Finance

‘Corporate Transparency’ Won’t Put a Dent in Money Laundering, but It Will Hurt Small Business

Angela Marsden recently received a gut punch from her local government, and she’s about to receive another from Congress. The owner of Pineapple Hill Saloon & Grill in Los Angeles posted a video of a movie company’s government-approved outdoor restaurant facility while hers, just a few feet away, was banned.

Now, Congress is set to put a new regulatory burden on millions of small businesses already reeling from seemingly arbitrary COVID-19 shutdowns via the Defense Authorization Act.

The latest gut punch is the Corporate Transparency Act, an anti-money laundering bill now rolled into the Defense Authorization bill. While it offers worthwhile needed reforms, it will require the smallest of small businesses – the vast majority – to review, report, file and keep up to date their “beneficial owners” with Treasury’s Financial Crimes Enforcement Network (FinCen).

Most have never even heard of FinCen, and the legislation shifts the burden from large banks who understand it to millions of small businesses who don’t and who can’t afford it. If they don’t comply, the Angela Marsdens of the country would face the threat of $10,000 in fines and/or two years in jail.

While the Corporate Transparency Act’s proponents hope to stop criminals from laundering money through corporate shell companies, this legislation will not do the job. No one has ever shown small companies are a problem, but there is ample evidence to suggest big banks are.

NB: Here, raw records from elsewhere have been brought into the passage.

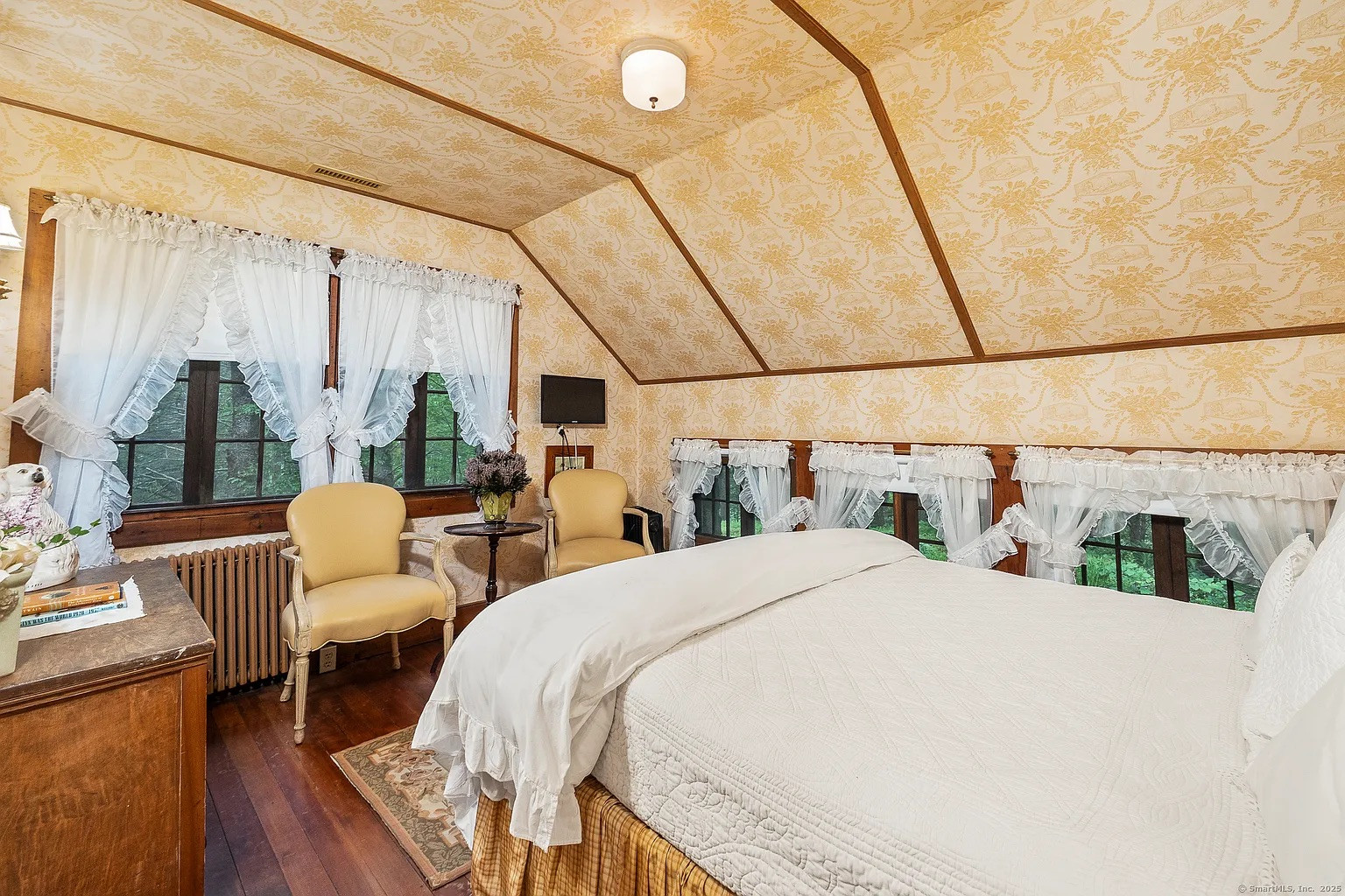 This cottage is fit for Frog and Toad, who I think would be passionate weekenders with a home base in NYC and an obsession with vintage fixtures. Down a long, tree-lined driveway, it’s all stones and moss on the outside, with warm vintage charm inside. Built in 1930 and literally named “Story Book Cottage,” it’s 2,450 square on 10 acres with four bedrooms and two bathrooms. This property in New Milford is so magical that it’s listed as “undisclosed.”
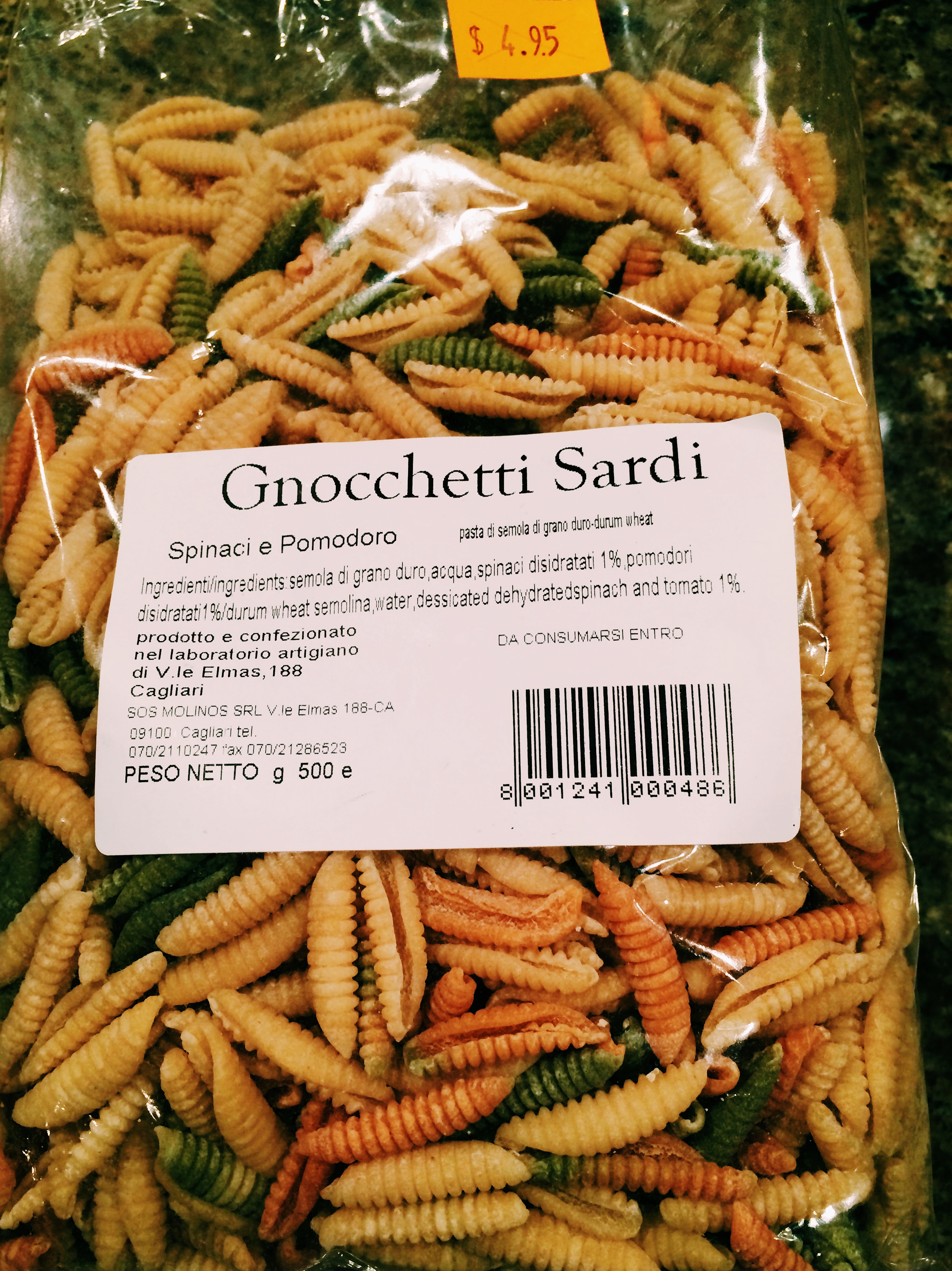 One of my unique food finds in NY was a package of Gnocchetti Sardi, a pasta from Sardinia. I found it at BuonItalia and purchased the one which included the spinach and tomato pasta doughs.
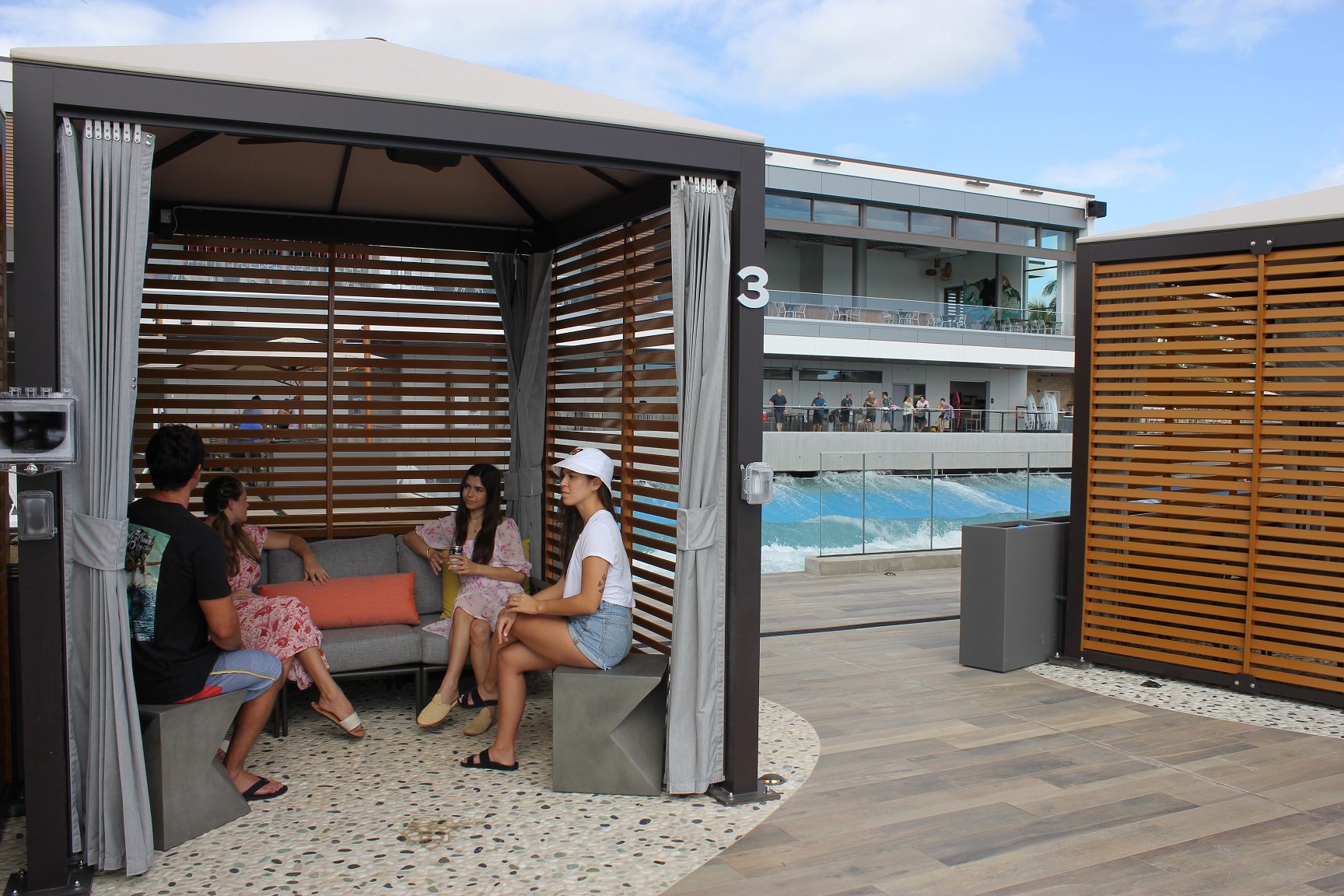 サーフデッキには6つの「サーフサイドカバナ」(※)があり、ソファ席、サウンドシステムなどがあり、ウェーブのライブ映像を見ながらリラックスした時間を過ごせます。また、シャワー、ロッカー、コンシェルジュサービスを備えたプライベートラウンジの「ナロ・カイ・クラブ」もあります。
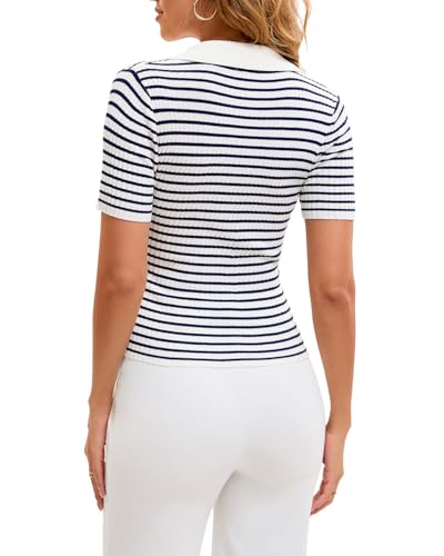Cioatin Women Short Sleeve Striped Knit Polo Crop Shirt Tops Vintage Collar V Neck Slim Fit T-Shirt Aesthetic Going Out 1
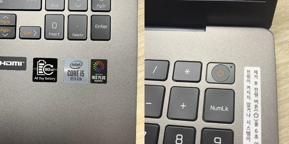 베터리, 10세대 i5, 그래픽카드 스티커가 오른쪽 하단에 붙어있습니다.
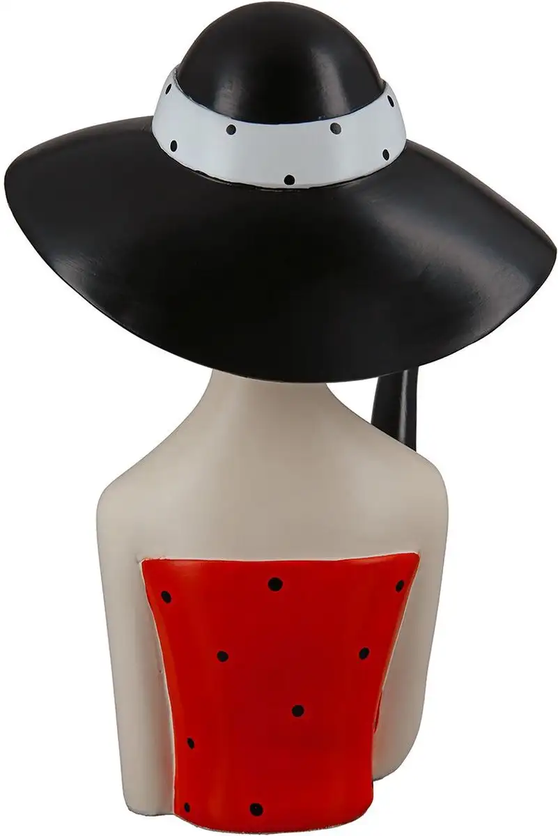 Beeld Vrouw met Hoed – Rood/Zwart – Polyresin – 19x29x15 cm
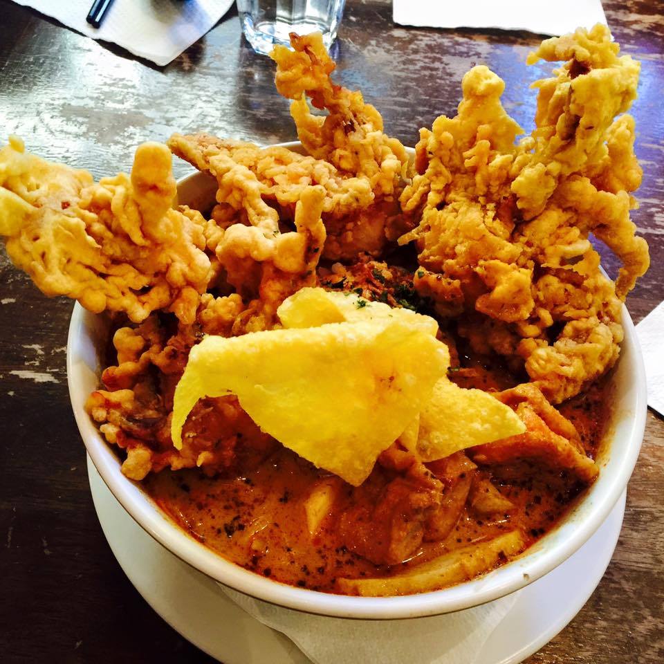 거의 첫 데이트 때, 우리는 락사를 먹으러 갔다.
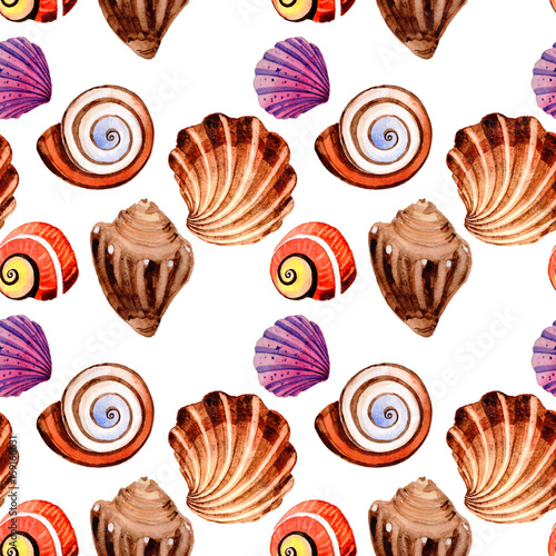Watercolor summer beach seashell tropical elements pattern, underwater creatures.
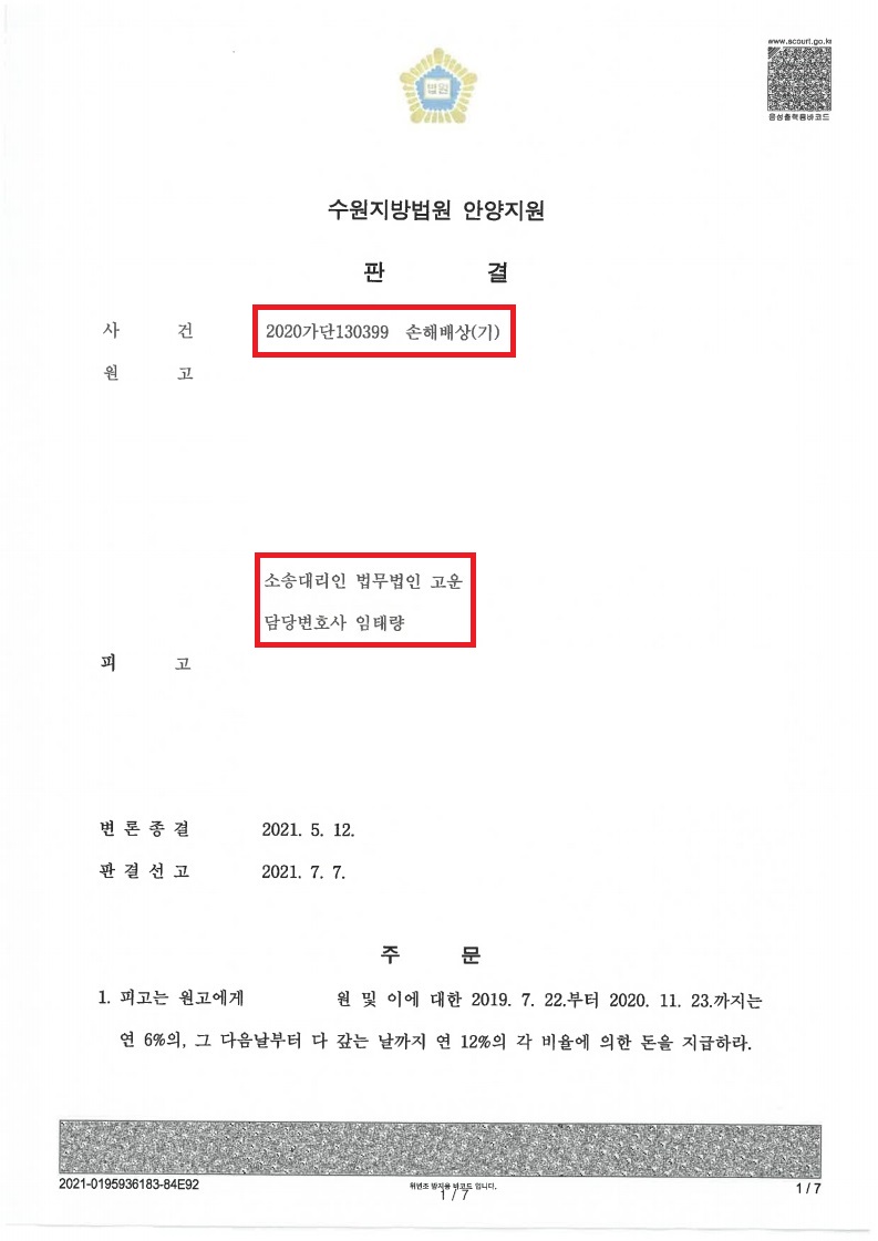 법원 재판부는 법무법인 고운의 주장을 모두 받아들였고, 제품 공급계약을 미 이행한 귀책사유가 상대방 주식회사 B에게 있으며, 제품 미 출고에 따라 발생한 손해를 모두 인정하여 청구금액 전액을 지급 하라는 판결을 하였고, 이는 상대방 주식회사 B의 상소 제기 없이 그대로 확정 되었습니다. 이에 의뢰인 주식회사 A는 소송 결과에 매우 만족하셨습니다.
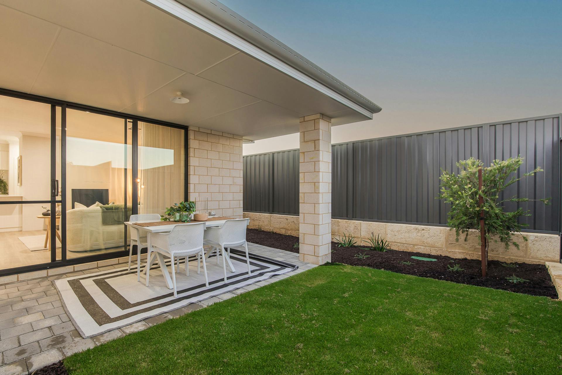 - Sheltered alfresco for outdoor entertaining, placed under the main roof for a continuous flow between, with paved flooring underfoot
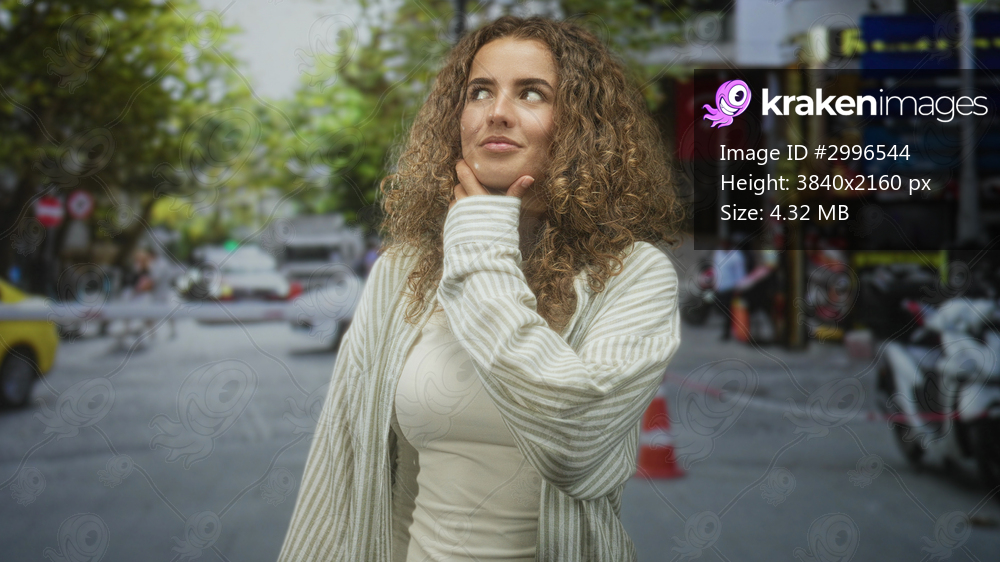Woman with curly hair touching her chin, hand on chin gesture, standing on a busy street by a taxi and scooters; thoughtful reflection.
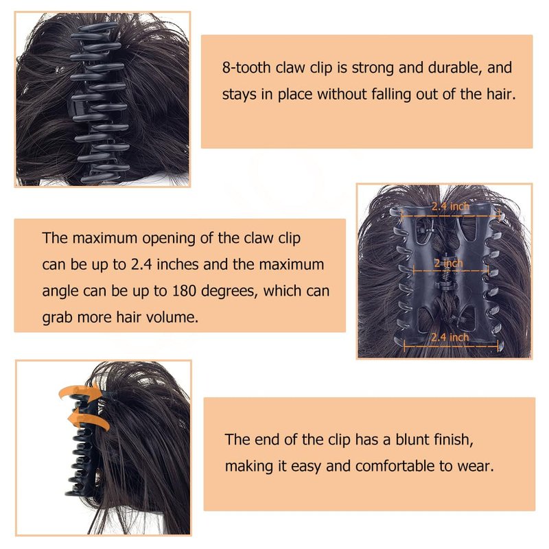 - 【Durable】Made of high-quality synthetic fiber, our claw clip-in hair extensions provide a soft, tangle-free experience, while the hair buns claw clip is easy to wear and remove, sturdy and stable enough for whole-day wear.
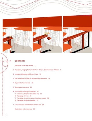 The document outlines the concept of 'disruption' in various industries, emphasizing that organizations must adapt to rapid technological changes to avoid being outpaced by lean startups and innovative new entrants. It discusses how traditional institutions like the New York Times and the Pentagon are struggling to innovate in the face of disruptive technologies, which presents significant challenges for established players. The text invites participation in a research initiative aimed at exploring design strategies to effectively harness disruption and promote innovation.
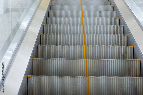© Anan, Obraz premium An escalator with a yellow line in the middle of the steps.
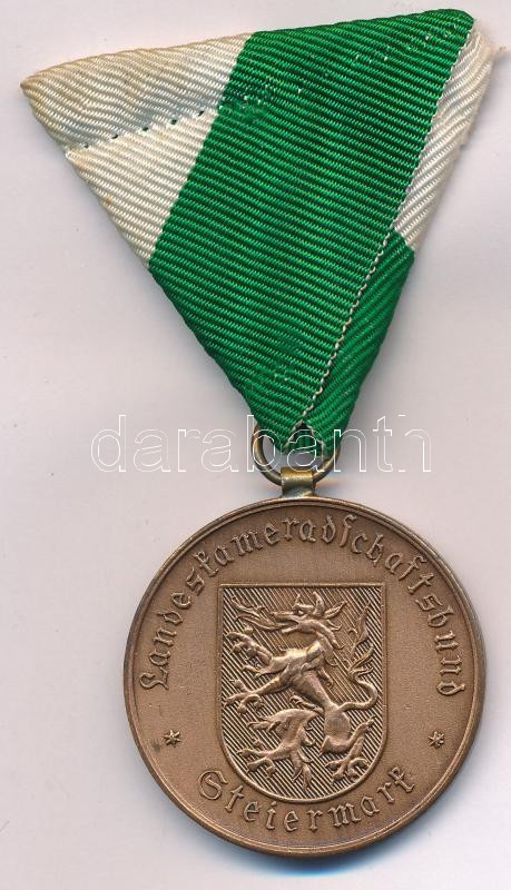 Ausztria DN "Landeskameradschaftsbund - Steiermark / 25" a Stájeroszági Veteránszövetség 25 éves jubileumi érme, zöld-fehér mellszalagon (36mm) T:AU

The legislation will not work because it requires filing any change in reportable information “not later than one year after the date on which there is a change in beneficial ownership.” It is clear – almost guaranteed – if the bill passes, you will see fraudsters buy legitimate businesses, use them as money-laundering conduits for 11 months and then dissolve them. Just wash, rinse and repeat.

Another exemption actually makes charities and nonprofits available to money launderers. Nonprofits can funnel money and transact business like anyone else, and anyone can start or buy a nonprofit. Just fill out the long form for the exemption, and you greatly diminish audit risk. Or better yet, form a 501(c)3, give up the exemption and then you have six months to freely launder money with no reporting requirement before closing the doors.

The Congressional Budget Office estimates “that the total costs to comply with the mandate would be substantial” because of the number of the businesses it impacts. Using the Census Bureau’s published figures, 89 percent of New York’s 465,566 small business firms are affected, 80 percent of West Virginia’s 27,749 firms, 86 percent of Wyoming’s 18,125 firms, 86 percent of Michigan’s 174,092 firms, and 89 percent of California’s 763,803 firms would meet the criteria.

So, who pushes this? The international Financial Action Task Force, which the United States helped establish. But for years, the United States avoided buying into the task force’s existing 28 European members’ view that America must collect this information just like the Europeans, despite a European money-laundering detection success rate worse than ours.

Law enforcement’s desire for every possible tool to fight crime also drives the Corporate Transparency Act. But the worthwhile interest of American law enforcement must always be tempered by the Constitution and good sense. FinCen already collects 20 million different forms annually. These forms are available to law enforcement and could be useful, but few use them in investigations.

Laundering dirty money is an exercise without borders, laws, morals and constraints. The vast bulk of money laundering takes place through the very institutions excempt from the Corporate Transparency Act – banks, insurance companies, exchanges, etc.

Instead of generating more paperwork and creating another government database of personal information, Congress should look for existing or better solutions. First, try the other anti-money laundering improvements before pushing the Corporate Transparency Act. Or use the $136 million of taxpayer money required just to set up a new warehouse for this folly in the development of an AI financial analysis software tool for money flows in banks and use innovative machine learning to detect the problem. Or $136 million in block grants to increase investigative personnel would also yield more results by putting more “eyes” on “systems” of marginal utility.

Put simply, the Corporate Transparency Act unfairly places new regulatory burdens with significant criminal and civil penalties on businesses across America. Simply collecting corporate beneficial ownership has not worked in any of the 28 European countries that have implemented it. The legislation is more likely to catch good, hard-working business owners who make an honest mistake than it would the criminals. More incisive study and an effort to create constitutional, efficient and less costly solutions are certainly a better path.

Christopher A. Byrne joined the FDIC in 1982 and was later appointed the first FDIC assistant director (Investigations) in charge of what was then a corps of 1,800 FDIC bank failure investigators. He left the FDIC in 1992 and has since been in private practice concentrating in finance and related litigation, including fraud and other failures of corporate governance.